Reg Affairs CMC Director early start up in Portsmouth

Exciting early innovation young start up rapidly expanding to deliver phase 3 success, seeks regulatory affairs CMC Director experienced in combination products with a proven track record influencing regulators on complex innovation. Our client is a young exciting publicly listed clinical-stage company dedicated to transforming the lives of patients in its therapy areas.
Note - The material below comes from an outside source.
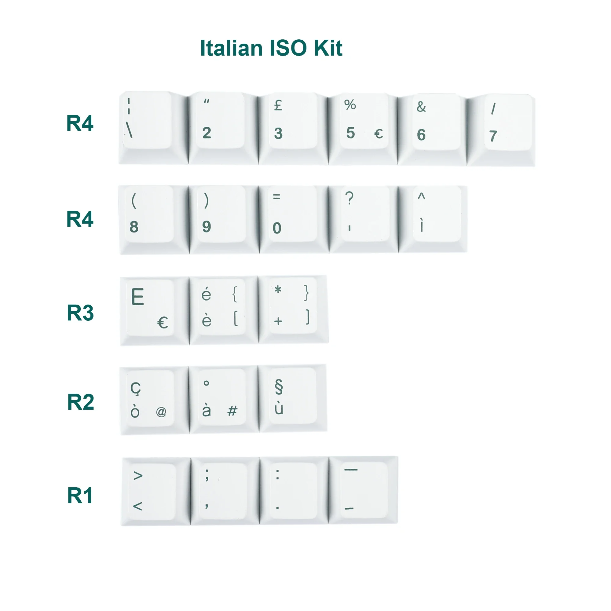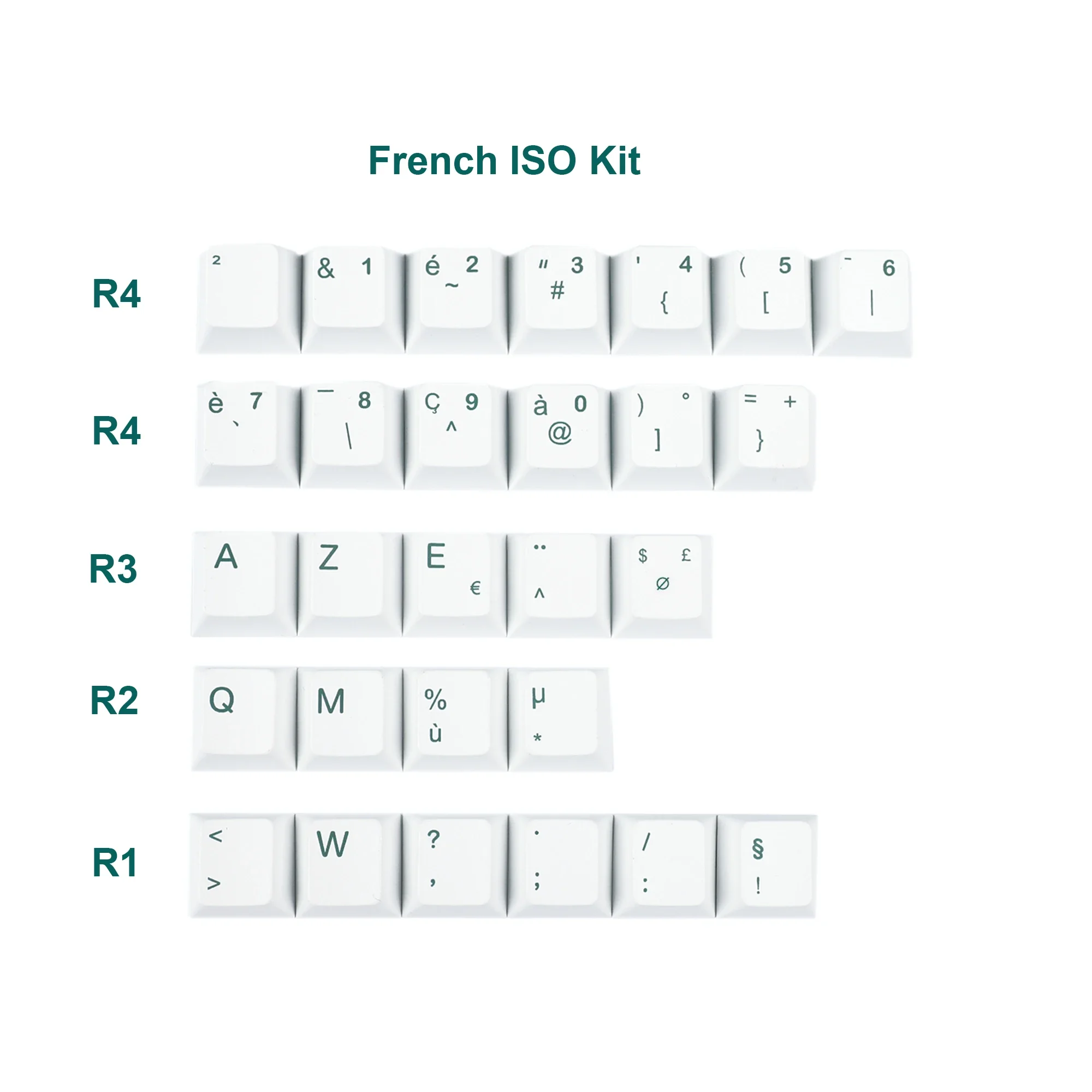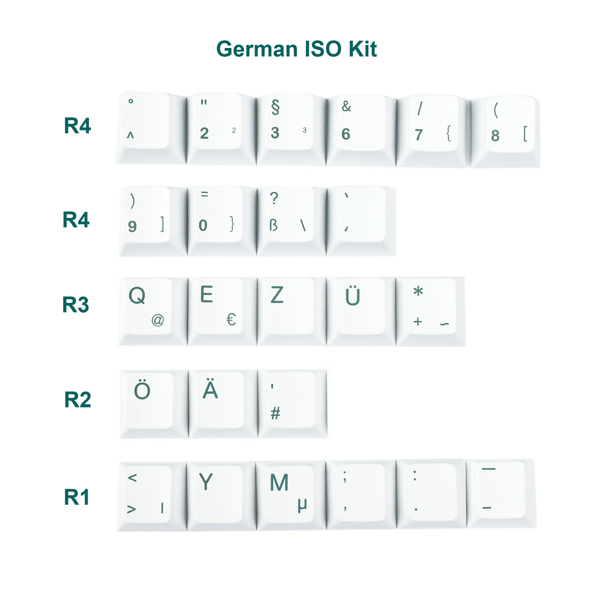 Enhance your mechanical keyboard with this set of 144 durable PBT keycaps, approximately 1.8mm thick, featuring dye-sublimation printing for sharp legends and botanical-themed icons. Designed in GMK style with a textured matte finish, these keycaps are compatible with Cherry MX switches and fit various layouts including 96%, 104, 87, 68, and 64, accommodating bottom row configurations of 1.25u, 6.25u, and 1.5u. The set includes a base kit with ANSI ISO keys and optional ISO-specific kits for French, German, Italian, Spanish, and UK layouts. Specially crafted to suit north/south facing PCBs, they offer a refined, natural aesthetic perfect for custom keyboard enthusiasts.

With its novel and proprietary drug products and current clinical development programs, our client is aiming to provide improved treatments for patients with increased remission rates, faster onset of action, durable effects, and improved tolerability and convenience.

Overall Purpose: We’re looking for a Director of Regulatory Affairs CMC (combination products) to work closely with the existing regulatory team, internal and external experts, and collaborate and contribute towards successful execution of their pivotal clinical program and commercialization. This requires practical experience and a proven track record in overseeing CMC regulatory activities in complex and innovative areas, preferably with experience of inhaled products.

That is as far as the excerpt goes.